Na recente comédia Doidas e Santas (2017), a protagonista é terapeuta de casais. Rosa e Dado também frequentam sessões, charlando sobre o vazio entre os dois. É uma tendência atual, para retratar mulheres brasileiras. A “terapia de casal” virou a nova “terapia em grupo”, velho mico das décadas de 1970 e 80, quando sujeitos bizarros expunham fetiches por calcinhas pretas na mesma sessão em que senhoras manifestavam saudades do filho que morava em Pindamonhangaba, ao mesmo tempo que alguém tentava curar sua vontade de comer baratas.
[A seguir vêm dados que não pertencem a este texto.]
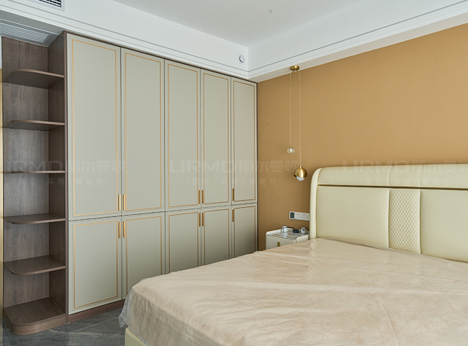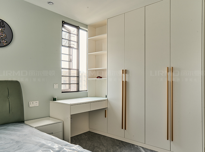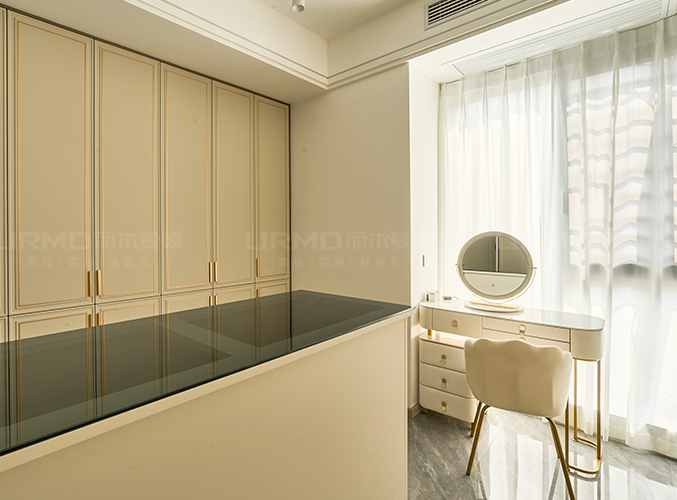 整面墻做衣柜,更加好分類,柜子象牙灰色鑲嵌金屬邊框,側(cè)邊做一個(gè)圓弧角處理,

Tudo sob o olhar complacente do analista.

Na “terapia de casal” o incômodo no relacionamento é mascarado pelo (de novo ele) desejo de liberdade. Como Nossos Pais segue esse caminho, mas em versão intelectualizada. Isto porque, no cinema brasileiro contemporâneo, a palavra substitui a ação. Esta é a origem do desconforto que vai parar na tela. Há sempre um bom mocismo, uma vontade imensa de acertar. Por essas e outras que Clarice é o destaque. Existe algo mais desconfortável do que a mãe fria, que defende mentiras e trapaças? Pena que (novamente a palavra) as frases sociologicamente corretas de Clarice traiam o seu encanto divesco.

Laís Bodansky reinovou o percurso dos seus principais filmes anteriores, Bicho de Sete Cabeças (2001) e As Melhores Coisas do Mundo (2010). Em Bicho, a câmera se mantinha nervosa e buscava o desconforto de um manicômio, além das brigas do jovem (Neto, Rodrigo Santoro) com o pai. As Melhores Coisas do Mundo era cheio das amizades de adolescentes, entre eles Mano (Francisco Miguez). Como Nossos Pais não consegue a mesma solidez existencial de Bicho…, nem a leveza de As Melhores Coisas…. Ao mirar o estado de coisas em que vivemos, o filme passa longe da coragem de Neto ou do frescor de Mano. Rosa descreve as agruras da mulher moderna, não há dúvida. Mas sua perplexidade é adocicada, sem as trevas que vêm a reboque. Aquelas que não se curam com frases de autoajuda.